---------- MATERIALS PROVIDED

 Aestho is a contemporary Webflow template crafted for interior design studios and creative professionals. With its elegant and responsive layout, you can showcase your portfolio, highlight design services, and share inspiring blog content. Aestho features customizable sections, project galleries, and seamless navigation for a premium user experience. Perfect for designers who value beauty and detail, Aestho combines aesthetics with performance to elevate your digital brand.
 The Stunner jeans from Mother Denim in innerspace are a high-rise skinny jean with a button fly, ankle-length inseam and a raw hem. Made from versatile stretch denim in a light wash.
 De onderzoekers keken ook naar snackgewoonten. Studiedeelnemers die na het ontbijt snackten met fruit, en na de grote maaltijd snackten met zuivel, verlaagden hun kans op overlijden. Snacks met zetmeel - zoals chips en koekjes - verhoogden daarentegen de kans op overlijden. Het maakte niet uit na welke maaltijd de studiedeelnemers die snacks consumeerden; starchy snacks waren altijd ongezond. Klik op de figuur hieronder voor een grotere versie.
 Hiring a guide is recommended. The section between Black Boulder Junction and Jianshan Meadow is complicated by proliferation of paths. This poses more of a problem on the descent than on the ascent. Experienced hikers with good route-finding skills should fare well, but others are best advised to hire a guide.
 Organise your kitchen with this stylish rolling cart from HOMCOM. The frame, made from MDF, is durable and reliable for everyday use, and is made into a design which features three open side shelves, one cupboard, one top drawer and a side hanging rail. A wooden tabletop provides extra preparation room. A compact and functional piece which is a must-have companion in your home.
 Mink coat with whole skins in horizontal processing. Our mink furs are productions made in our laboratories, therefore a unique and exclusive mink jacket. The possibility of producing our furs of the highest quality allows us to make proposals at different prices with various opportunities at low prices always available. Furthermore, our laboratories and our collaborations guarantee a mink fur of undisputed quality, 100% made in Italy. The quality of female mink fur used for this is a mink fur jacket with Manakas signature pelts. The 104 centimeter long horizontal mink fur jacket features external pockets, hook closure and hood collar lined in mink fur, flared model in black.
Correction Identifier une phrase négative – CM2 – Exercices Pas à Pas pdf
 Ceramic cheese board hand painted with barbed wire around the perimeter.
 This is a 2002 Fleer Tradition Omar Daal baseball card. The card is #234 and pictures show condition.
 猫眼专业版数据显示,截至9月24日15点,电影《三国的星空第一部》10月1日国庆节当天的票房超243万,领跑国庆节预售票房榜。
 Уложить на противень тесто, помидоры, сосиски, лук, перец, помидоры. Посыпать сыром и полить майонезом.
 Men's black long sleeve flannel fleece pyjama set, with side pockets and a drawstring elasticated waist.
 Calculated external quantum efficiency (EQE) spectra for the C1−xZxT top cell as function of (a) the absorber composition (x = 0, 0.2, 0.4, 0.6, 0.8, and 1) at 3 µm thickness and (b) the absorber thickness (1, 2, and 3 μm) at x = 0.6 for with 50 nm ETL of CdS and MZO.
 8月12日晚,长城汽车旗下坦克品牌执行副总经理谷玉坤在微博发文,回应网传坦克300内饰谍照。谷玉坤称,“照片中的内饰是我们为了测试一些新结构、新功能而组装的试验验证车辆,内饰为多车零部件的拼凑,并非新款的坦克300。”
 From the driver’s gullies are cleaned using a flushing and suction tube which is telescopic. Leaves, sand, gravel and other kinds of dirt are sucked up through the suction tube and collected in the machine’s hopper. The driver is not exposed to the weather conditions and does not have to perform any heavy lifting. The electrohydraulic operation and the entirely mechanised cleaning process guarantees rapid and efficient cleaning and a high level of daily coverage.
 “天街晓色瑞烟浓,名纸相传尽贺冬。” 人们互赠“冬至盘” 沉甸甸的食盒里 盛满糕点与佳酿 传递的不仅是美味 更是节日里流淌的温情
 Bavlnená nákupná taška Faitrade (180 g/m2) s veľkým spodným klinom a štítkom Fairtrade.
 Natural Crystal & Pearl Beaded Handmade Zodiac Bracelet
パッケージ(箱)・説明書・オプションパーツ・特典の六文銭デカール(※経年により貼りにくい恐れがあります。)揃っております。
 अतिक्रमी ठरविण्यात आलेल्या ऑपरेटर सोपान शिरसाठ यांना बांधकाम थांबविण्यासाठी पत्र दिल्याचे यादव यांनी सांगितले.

--------------------

◆ **TASK OBJECTIVE**:
The lines from the one holding "Уложить на противень" to the end of the entries are to be repeated exactly, with both ends included and nothing else.

◆ **SOLVED PROBLEM**:
 Уложить на противень тесто, помидоры, сосиски, лук, перец, помидоры. Посыпать сыром и полить майонезом.
 Men's black long sleeve flannel fleece pyjama set, with side pockets and a drawstring elasticated waist.
 Calculated external quantum efficiency (EQE) spectra for the C1−xZxT top cell as function of (a) the absorber composition (x = 0, 0.2, 0.4, 0.6, 0.8, and 1) at 3 µm thickness and (b) the absorber thickness (1, 2, and 3 μm) at x = 0.6 for with 50 nm ETL of CdS and MZO.
 8月12日晚,长城汽车旗下坦克品牌执行副总经理谷玉坤在微博发文,回应网传坦克300内饰谍照。谷玉坤称,“照片中的内饰是我们为了测试一些新结构、新功能而组装的试验验证车辆,内饰为多车零部件的拼凑,并非新款的坦克300。”
 From the driver’s gullies are cleaned using a flushing and suction tube which is telescopic. Leaves, sand, gravel and other kinds of dirt are sucked up through the suction tube and collected in the machine’s hopper. The driver is not exposed to the weather conditions and does not have to perform any heavy lifting. The electrohydraulic operation and the entirely mechanised cleaning process guarantees rapid and efficient cleaning and a high level of daily coverage.
 “天街晓色瑞烟浓,名纸相传尽贺冬。” 人们互赠“冬至盘” 沉甸甸的食盒里 盛满糕点与佳酿 传递的不仅是美味 更是节日里流淌的温情
 Bavlnená nákupná taška Faitrade (180 g/m2) s veľkým spodným klinom a štítkom Fairtrade.
 Natural Crystal & Pearl Beaded Handmade Zodiac Bracelet
パッケージ(箱)・説明書・オプションパーツ・特典の六文銭デカール(※経年により貼りにくい恐れがあります。)揃っております。
 अतिक्रमी ठरविण्यात आलेल्या ऑपरेटर सोपान शिरसाठ यांना बांधकाम थांबविण्यासाठी पत्र दिल्याचे यादव यांनी सांगितले.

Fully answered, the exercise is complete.